With cast magnesium wheels, lightweight LED lights, and a titanium 4-2-1 exhaust, the new 2015 Yamaha YZF-R1 tips the scales at a claimed 439 lb., in fully wet, ready to ride form. Its wheelbase is down by almost 0.4 inch, and its swingarm has been reduced in length by 0.5 inch. Rake and fork offset are unchanged, and an inverted 43mm fork is complemented by a link-type single-shock rear.
2015 Yamaha YZF-R1 rear view from EICMA motorcycle show
Also notable: The 2015 R1 is the first Yamaha supersport model with ABS and Unified Braking. With the latter, the operation of the front brake generates a corresponding brake force at the rear. And when the rider operates both the front and rear brakes, UBS controls the balance applied to each brake. The only time UBS has no control is when only the rear brake is used.

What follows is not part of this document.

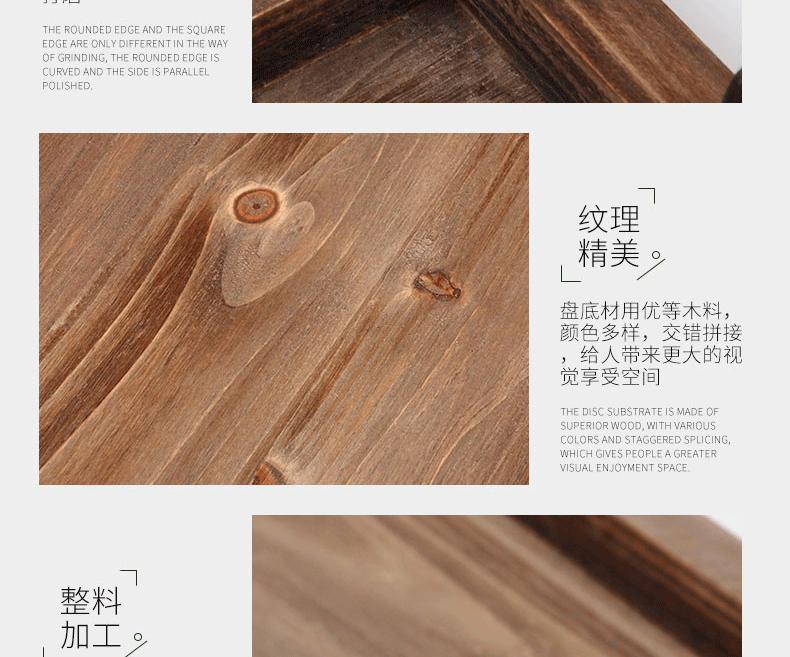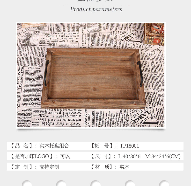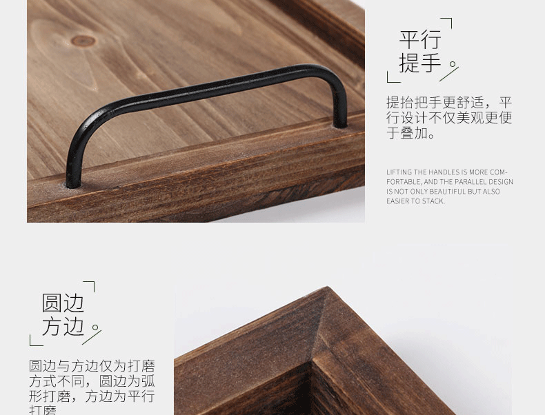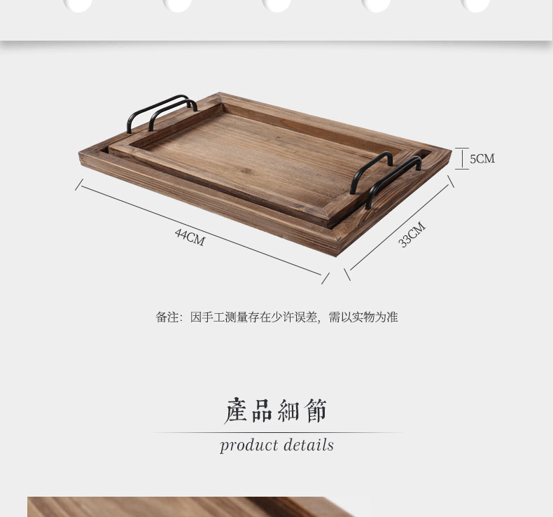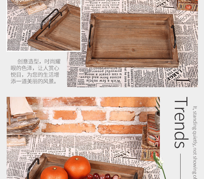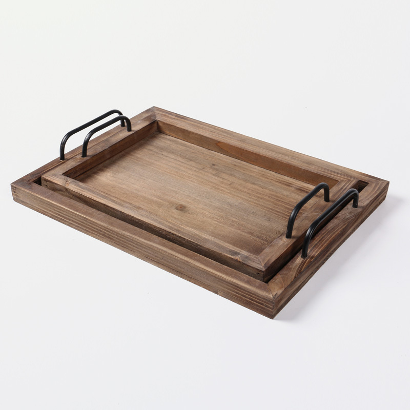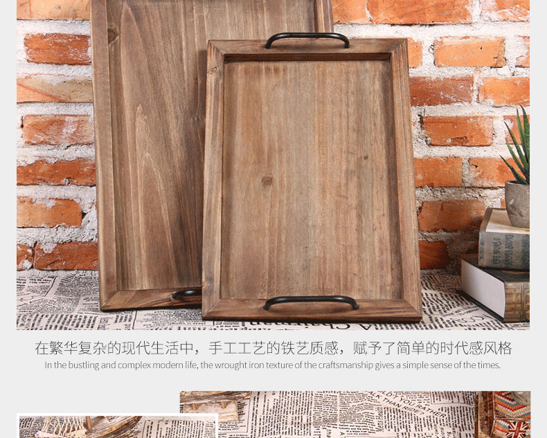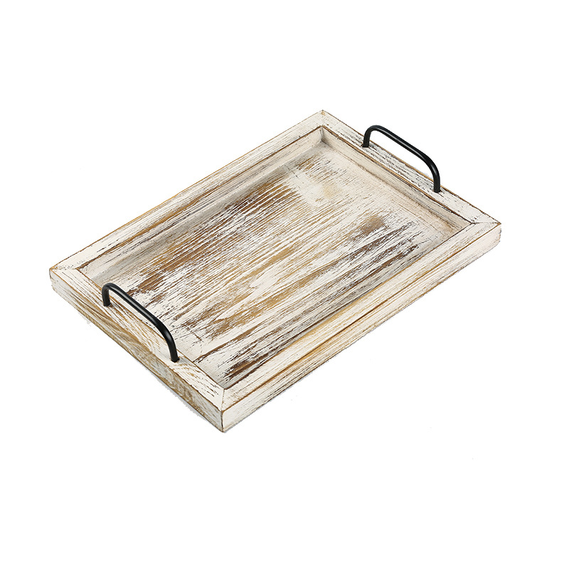 미국식 직사각형 접시 호텔 바 카페 배달 접시 빈티지 금속 손잡이 오래된 나무 트레이스토어 가기

LED headlights reside in the leading edges of the side cowling, not in the center of the fairing, which gives the new 2015 R1 has a race-ready look. This is backed up with an exceptionally strong technical package should keep this Yamaha busy on weekends at racetrack and on roads around the world.

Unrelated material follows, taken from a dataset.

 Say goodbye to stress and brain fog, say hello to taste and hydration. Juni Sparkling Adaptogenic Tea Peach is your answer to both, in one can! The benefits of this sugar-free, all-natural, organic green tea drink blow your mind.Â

2015 Yamaha YZF-R1M at EICMA motorcycle showSPECIAL-EDITION: THE YAMAHA YZF-R1M
Near the end of the Yamaha press conference in Milan, we were in for a surprise treat: The R1M, a limited-edition R1 for riders or professional teams who plan to go racing, essentially a homologation special in the spirit of the YZF-R7 of 1999. To that end, this special R1M has Electronic Racing Suspension (ERS) from Öhlins, carbon-fiber bodywork, a Communication Control Unit (a data logger) and stickier Bridgestones. Price: $21,990. Fewer than 500 will be built.